Tis the season to make Top 10 lists. Why? Because we are hurtling with unavoidable haste toward the end of another calendar year. It’s almost impossible to get through the day without some kind of Top 10 ranking grasping for our attention. And we all know it won’t go away until December 31. But when it comes to Top 10 movie lists the calendar year is a very poor basis for comparison.
The Kinomatics project – which we’re both involved in – has been rethinking the use of the calendar year for the study of the film industry. The calendar year certainly has its benefits. It is easily justifiable, it fits with most other forms of data collection periods, and you don’t really have to explain its use as a temporal division. But does it suit cinema data?
Cinema exhibition really doesn’t conform to the calendar year. Its seasonal nature is quite different. As a result, we have chosen to abandon the calendar year as the basis for our analysis and evaluations.
The reason the calendar year hasn’t been used in our research is its evident lack of suitability in accounting for big movie release dates. For many countries the day after Christmas (Boxing Day) is a critical release date for blockbuster movies and the Boxing Day trip to the cinema is a ritual almost as longstanding as the Boxing Day Test and the Boxing Day Sales.
This year in Australia you will have to wait until after Santa’s visit to see the much anticipated hit Big Hero 6, the franchise fodder of Night at the Museum: Secret of the Tomb; and Russell Crowe’s directorial debut The Water Diviner.
In 2013, the week leading into Christmas (traditionally one of the slowest weeks in a cinema) generated less than A$14 million around the country. One week later, beginning December 26, a record A$49.9 million (out of an annual total of A$1.01 billion) was earned.
Using a calendar year to determine industry performance means that this critical period for calculating showtimes and revenue is split between two entirely different assessment periods (since the lucrative release period between December 26 and January 1 occurs in the previous calendar year).

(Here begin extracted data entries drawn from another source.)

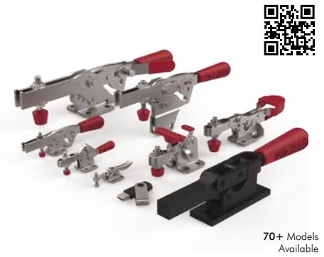
Push Action Clamps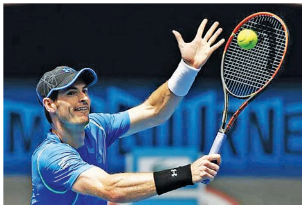
Britain's Andy Murray hits a shot during a practice session on Margaret Court Arena at Melbourne Park on 17 Jan, 2015.

MELBOURNE, 18 Jan — The draw has done few favors for Andy Murray at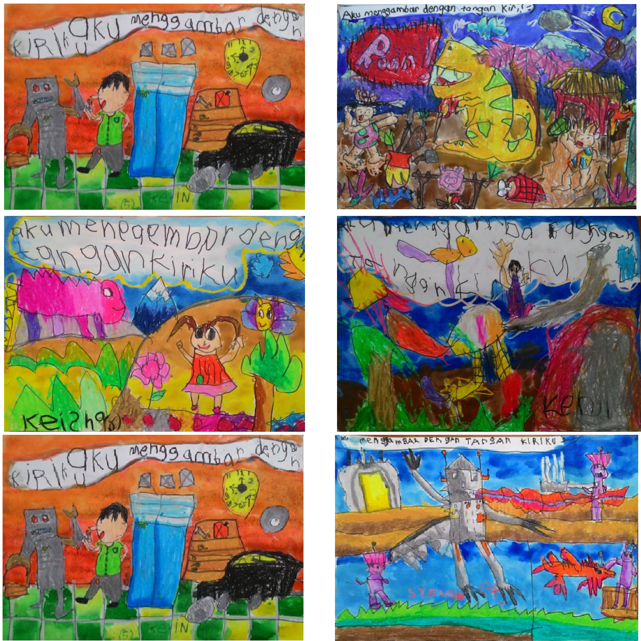
Figure 13, 14, 15, 16, 17, 18. Drawing Results

We wanted to remove this division (and therefore the calendar year) from our understanding and analysis of cinema data.
Adjusting our annual analysis to start on December 26 worked well for gathering data about most films. However, it failed to account for one extraordinary factor: the massive international release of The Hobbit: An Unexpected Journey.
The sheer weight of anticipation, marketing, international spread, and box office for this one film compelled us to manipulate our year so that it incorporated a full, global Hobbit release – from December 10, 2012 to December 9, 2013; what we now call, The Hobbit Year.
We have a calendar year, a financial year, a year of the monkey – and on December 22 we start the Shire Year. Why not a Hobbit Year?
Working with cinema data on a Hobbit Year basis has the additional benefit of encompassing those other major releases that start on Boxing Day. It is also extremely handy that the following Hobbit films have had similar opening dates.
And while unfortunately this year Australians will have to wait until Boxing Day to catch the final instalment of The Hobbit: The Battle of the Five Armies, it does start its global release on December 10.
A Hobbit Year of movies looks very different to a Calendar Year – the table above shows the Top 20 films in terms of number of screenings for both types of “year” respectively . In addition to The Hobbit: An Unexpected Journey, several films only appear in one ranking: Life of Pi, Grown Ups 2, Silver Linings Playbook, Elysium, We’re the Millers, GI Joe: Retaliation, and A Good Day to Die Hard.
These differences are based on either the Hobbit Year inclusion of those blockbuster movies released prior to the new year, or Calendar Year exceptions that cling to a spot in the Top 20 when Boxing Day releases are out of the picture. The significant difference that just a few weeks can make demonstrates the critical nature of seasonality in the entertainment industries.
For movie producers, critics, and movie lovers, December (not January) is the season to be ranking.